THE INPUT: Begin

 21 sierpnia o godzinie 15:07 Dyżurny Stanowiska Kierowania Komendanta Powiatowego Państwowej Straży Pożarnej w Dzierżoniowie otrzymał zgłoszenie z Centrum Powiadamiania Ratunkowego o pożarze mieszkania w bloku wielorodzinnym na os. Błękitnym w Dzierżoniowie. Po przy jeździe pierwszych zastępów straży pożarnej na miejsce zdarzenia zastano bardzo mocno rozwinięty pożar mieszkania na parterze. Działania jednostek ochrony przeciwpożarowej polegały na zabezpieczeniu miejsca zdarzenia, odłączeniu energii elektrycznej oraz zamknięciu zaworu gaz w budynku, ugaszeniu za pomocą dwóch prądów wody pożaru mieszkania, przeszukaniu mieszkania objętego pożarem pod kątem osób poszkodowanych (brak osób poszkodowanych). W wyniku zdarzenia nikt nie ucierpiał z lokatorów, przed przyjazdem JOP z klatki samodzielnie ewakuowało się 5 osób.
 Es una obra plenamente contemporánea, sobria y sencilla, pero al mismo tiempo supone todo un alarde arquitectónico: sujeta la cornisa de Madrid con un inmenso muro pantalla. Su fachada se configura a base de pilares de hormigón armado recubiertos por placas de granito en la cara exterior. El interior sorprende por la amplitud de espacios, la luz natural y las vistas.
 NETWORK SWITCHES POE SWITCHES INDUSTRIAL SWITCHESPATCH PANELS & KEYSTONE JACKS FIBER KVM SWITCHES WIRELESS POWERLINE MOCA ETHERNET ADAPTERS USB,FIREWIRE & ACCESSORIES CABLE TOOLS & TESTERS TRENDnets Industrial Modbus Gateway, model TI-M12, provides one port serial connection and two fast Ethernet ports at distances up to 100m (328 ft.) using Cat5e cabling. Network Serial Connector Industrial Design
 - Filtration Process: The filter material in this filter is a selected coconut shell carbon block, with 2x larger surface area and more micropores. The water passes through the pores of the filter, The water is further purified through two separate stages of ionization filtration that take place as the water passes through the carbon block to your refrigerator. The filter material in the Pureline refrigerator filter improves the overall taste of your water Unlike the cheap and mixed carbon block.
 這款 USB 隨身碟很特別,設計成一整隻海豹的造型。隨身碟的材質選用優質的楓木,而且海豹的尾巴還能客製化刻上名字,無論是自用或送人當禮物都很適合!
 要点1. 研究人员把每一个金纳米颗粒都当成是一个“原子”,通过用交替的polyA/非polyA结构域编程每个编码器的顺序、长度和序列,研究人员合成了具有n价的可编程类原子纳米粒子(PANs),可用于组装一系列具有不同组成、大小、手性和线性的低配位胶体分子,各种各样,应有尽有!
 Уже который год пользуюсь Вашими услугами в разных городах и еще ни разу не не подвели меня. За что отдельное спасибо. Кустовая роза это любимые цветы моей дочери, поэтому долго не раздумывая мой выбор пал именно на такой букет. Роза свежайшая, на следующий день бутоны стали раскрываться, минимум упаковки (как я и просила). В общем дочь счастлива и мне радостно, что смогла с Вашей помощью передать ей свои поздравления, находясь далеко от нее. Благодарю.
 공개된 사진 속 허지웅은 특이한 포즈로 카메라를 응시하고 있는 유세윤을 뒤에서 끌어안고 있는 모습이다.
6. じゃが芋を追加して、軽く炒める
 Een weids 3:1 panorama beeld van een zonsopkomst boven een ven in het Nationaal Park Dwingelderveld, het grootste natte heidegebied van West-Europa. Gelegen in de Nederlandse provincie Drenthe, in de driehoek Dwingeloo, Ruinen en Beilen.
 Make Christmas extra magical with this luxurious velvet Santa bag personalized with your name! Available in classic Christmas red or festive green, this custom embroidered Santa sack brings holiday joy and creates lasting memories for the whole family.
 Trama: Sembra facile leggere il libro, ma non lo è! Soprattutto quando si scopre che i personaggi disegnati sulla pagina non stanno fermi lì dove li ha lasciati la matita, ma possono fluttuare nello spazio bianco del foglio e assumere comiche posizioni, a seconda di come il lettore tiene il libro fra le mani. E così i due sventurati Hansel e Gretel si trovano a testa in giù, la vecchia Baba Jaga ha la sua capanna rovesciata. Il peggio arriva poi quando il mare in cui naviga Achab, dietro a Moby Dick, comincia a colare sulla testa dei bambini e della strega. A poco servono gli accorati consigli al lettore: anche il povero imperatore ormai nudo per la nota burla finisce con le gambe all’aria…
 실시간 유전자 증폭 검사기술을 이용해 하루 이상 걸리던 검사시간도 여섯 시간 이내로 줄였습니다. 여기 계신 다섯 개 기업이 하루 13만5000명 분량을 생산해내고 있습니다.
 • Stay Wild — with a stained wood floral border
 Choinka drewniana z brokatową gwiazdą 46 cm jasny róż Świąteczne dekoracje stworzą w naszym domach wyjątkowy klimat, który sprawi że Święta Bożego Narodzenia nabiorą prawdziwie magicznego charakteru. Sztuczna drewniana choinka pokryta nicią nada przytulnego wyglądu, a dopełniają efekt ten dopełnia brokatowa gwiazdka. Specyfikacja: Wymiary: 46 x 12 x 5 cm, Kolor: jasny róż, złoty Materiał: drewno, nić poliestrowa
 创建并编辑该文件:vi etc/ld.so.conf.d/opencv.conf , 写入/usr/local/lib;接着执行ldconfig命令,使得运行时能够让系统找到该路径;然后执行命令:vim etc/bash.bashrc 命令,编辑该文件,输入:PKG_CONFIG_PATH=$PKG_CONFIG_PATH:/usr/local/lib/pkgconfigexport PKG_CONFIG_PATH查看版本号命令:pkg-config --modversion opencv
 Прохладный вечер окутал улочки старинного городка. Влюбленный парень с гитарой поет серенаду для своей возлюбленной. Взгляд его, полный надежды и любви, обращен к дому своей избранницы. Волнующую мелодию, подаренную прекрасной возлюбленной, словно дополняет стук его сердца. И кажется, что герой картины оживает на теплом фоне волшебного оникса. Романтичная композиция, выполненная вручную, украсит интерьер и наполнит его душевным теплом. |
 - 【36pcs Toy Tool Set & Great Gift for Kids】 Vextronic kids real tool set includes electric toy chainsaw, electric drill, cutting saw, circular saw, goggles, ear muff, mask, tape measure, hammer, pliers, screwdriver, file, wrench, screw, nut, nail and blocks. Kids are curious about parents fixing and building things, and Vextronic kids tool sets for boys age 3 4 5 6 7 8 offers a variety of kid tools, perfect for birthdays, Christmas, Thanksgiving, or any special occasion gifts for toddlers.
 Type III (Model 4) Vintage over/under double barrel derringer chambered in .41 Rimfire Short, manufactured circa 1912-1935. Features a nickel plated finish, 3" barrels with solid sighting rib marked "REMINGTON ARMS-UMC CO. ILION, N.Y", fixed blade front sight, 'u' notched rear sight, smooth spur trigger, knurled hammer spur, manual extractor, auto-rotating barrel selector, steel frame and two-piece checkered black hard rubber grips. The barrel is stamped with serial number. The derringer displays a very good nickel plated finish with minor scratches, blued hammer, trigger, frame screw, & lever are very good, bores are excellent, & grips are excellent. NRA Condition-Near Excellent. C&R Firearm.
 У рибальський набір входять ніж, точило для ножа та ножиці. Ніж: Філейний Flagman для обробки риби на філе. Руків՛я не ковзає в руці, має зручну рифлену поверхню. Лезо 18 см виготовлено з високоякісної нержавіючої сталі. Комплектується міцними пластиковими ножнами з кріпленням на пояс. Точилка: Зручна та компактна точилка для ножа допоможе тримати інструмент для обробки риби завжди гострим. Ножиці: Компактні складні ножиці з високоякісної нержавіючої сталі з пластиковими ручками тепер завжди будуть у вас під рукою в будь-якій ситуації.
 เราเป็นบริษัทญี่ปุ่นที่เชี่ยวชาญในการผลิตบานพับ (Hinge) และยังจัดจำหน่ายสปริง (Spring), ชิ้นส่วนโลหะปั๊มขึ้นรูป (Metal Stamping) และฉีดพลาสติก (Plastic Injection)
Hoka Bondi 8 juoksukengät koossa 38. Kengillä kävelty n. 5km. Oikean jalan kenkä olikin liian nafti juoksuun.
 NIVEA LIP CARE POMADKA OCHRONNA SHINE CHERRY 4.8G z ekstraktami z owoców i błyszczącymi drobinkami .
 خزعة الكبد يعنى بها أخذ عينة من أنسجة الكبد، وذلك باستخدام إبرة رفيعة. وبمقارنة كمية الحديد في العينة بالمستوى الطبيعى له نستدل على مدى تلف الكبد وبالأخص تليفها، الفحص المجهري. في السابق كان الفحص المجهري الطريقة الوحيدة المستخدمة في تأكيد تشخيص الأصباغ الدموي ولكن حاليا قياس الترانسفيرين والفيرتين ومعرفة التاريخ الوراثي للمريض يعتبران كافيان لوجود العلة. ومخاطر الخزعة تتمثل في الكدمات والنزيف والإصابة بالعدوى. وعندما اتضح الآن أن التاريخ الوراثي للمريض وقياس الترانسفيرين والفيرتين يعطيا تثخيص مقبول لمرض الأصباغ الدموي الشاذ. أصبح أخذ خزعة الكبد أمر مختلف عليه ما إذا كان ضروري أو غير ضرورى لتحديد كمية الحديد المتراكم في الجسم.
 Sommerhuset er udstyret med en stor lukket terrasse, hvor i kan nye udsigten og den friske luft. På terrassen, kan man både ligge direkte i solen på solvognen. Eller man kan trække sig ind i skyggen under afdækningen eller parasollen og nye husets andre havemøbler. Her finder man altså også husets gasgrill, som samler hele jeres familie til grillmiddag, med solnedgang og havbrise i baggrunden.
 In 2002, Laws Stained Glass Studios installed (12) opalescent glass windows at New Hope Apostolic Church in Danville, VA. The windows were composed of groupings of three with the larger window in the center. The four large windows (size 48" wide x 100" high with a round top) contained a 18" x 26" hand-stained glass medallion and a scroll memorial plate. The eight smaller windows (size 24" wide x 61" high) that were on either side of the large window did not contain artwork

THE INPUT: End

Starting from the records above, filter out all lines except those containing the word "serial".

 NETWORK SWITCHES POE SWITCHES INDUSTRIAL SWITCHESPATCH PANELS & KEYSTONE JACKS FIBER KVM SWITCHES WIRELESS POWERLINE MOCA ETHERNET ADAPTERS USB,FIREWIRE & ACCESSORIES CABLE TOOLS & TESTERS TRENDnets Industrial Modbus Gateway, model TI-M12, provides one port serial connection and two fast Ethernet ports at distances up to 100m (328 ft.) using Cat5e cabling. Network Serial Connector Industrial Design
 Type III (Model 4) Vintage over/under double barrel derringer chambered in .41 Rimfire Short, manufactured circa 1912-1935. Features a nickel plated finish, 3" barrels with solid sighting rib marked "REMINGTON ARMS-UMC CO. ILION, N.Y", fixed blade front sight, 'u' notched rear sight, smooth spur trigger, knurled hammer spur, manual extractor, auto-rotating barrel selector, steel frame and two-piece checkered black hard rubber grips. The barrel is stamped with serial number. The derringer displays a very good nickel plated finish with minor scratches, blued hammer, trigger, frame screw, & lever are very good, bores are excellent, & grips are excellent. NRA Condition-Near Excellent. C&R Firearm.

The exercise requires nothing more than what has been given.